Those skilled in the art will appreciate the scope of the present disclosure and realize additional aspects thereof after reading the following detailed description of the preferred embodiments in association with the accompanying drawing figures.

BRIEF DESCRIPTION OF THE DRAWING FIGURES

The accompanying drawing figures incorporated in and forming a part of this specification illustrate several aspects of the disclosure, and together with the description serve to explain the principles of the disclosure.

FIG. 1 is a diagram illustrating a conventional bulk acoustic wave (BAW) resonator.

FIG. 2 is a diagram graphically illustrating the magnitude and phase of the electrical impedance as a function of the frequency for a relatively ideal BAW resonator.

FIGS. 3A-3C are diagrams graphically illustrating phase curves for various conventional BAW resonators.

FIG. 4 is a diagram illustrating a conventional BAW resonator with a top electrode including a border (BO) ring.

FIG. 5 is a diagram graphically illustrating the relationship of the BO ring width to a quality factor at an antiresonance frequency (Q_p) and the relative strength of BO modes formed.

FIG. 6 is a diagram graphically illustrating phase curves for BAW resonators with and without BO rings.

FIG. 7 is a cross-sectional diagram illustrating a BAW resonator where a BO region is arranged in a similar configuration to the BAW resonator of FIG. 4.

FIG. 8 is a cross-sectional diagram illustrating a typical BAW resonator where a BO region forms a dual-step configuration.

FIG. 9 is a cross-sectional diagram illustrating an exemplary BAW resonator with a dual-step border ring structure according to embodiments of the present disclosure.

FIG. 10 is a cross-sectional diagram illustrating a portion of the BAW resonator with an extended dual-step border ring structure according to embodiments of the present disclosure.

FIGS. 11A-11C are diagrams graphically illustrating simulated 1-|S₁₁| responses for various configurations of BAW resonators.

FIGS. 12A-12C are diagrams graphically illustrating quality factor simulation results for various configurations of BAW resonators.

It will be understood that for clear illustrations, FIGS. 1-12C may not be drawn to scale.

DETAILED DESCRIPTION

The embodiments set forth below represent the necessary information to enable those skilled in the art to practice the embodiments and illustrate the best mode of practicing the embodiments.

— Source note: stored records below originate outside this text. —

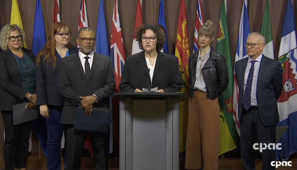 Jason MacLean, président de la Coalition canadienne de la santé, s’adresse à une conférence de presse nationale, accompagné (de gauche à droite) d’Angela Preocanin, secrétaire-trésorière de la Fédération canadienne des syndicats d’infirmières et infirmiers, de Siobhán Vipond, vice-présidente exécutive du Congrès du travail du Canada, d’Olivier Surprenant, analyste en politiques publiques de l’Union des consommateurs, de Frédérique Chabot, directrice générale intérimaire d’Action Canada pour la santé et les droits sexuels, de Manuel Arango, vice-président, politiques de la santé et défense des intérêts pour la Fondation des maladies du cœur et l’AVC du Canada, d’Anne Lagacé Dowson, directrice des médias à la Coalition canadienne de la santé. Photo : Adella Khan.
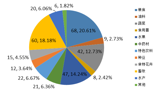 主導產業排序分別為糧食類68個、畜牧60個、水果47個、蔬菜42個、特色飲料22個、中藥材21個、水產20個、林特花卉15個、種業12個、食用菌8個、油料9個、重要農產品(橡膠、糖料、纖維類)6個。詳見表2。
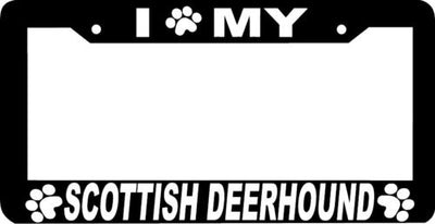 SCOTTISH DEERHOUND DOG paw print License Plate Frame Plastic License Plate Frame Polystyrene plastic with vinyl graphics. Strong with tabs on the back to secure your plate to the frame. This is a buy it now for the frame pictured It is designed to fit a US/CANADA license plate.

Upon reading the following description in light of the accompanying drawing figures, those skilled in the art will understand the concepts of the disclosure and will recognize applications of these concepts not particularly addressed herein. It should be understood that these concepts and applications fall within the scope of the disclosure and the accompanying claims.

It will be understood that, although the terms first, second, etc. may be used herein to describe various elements, these elements should not be limited by these terms. These terms are only used to distinguish one element from another. For example, a first element could be termed a second element, and, similarly, a second element could be termed a first element, without departing from the scope of the present disclosure. As used herein, the term “and/or” includes any and all combinations of one or more of the associated listed items.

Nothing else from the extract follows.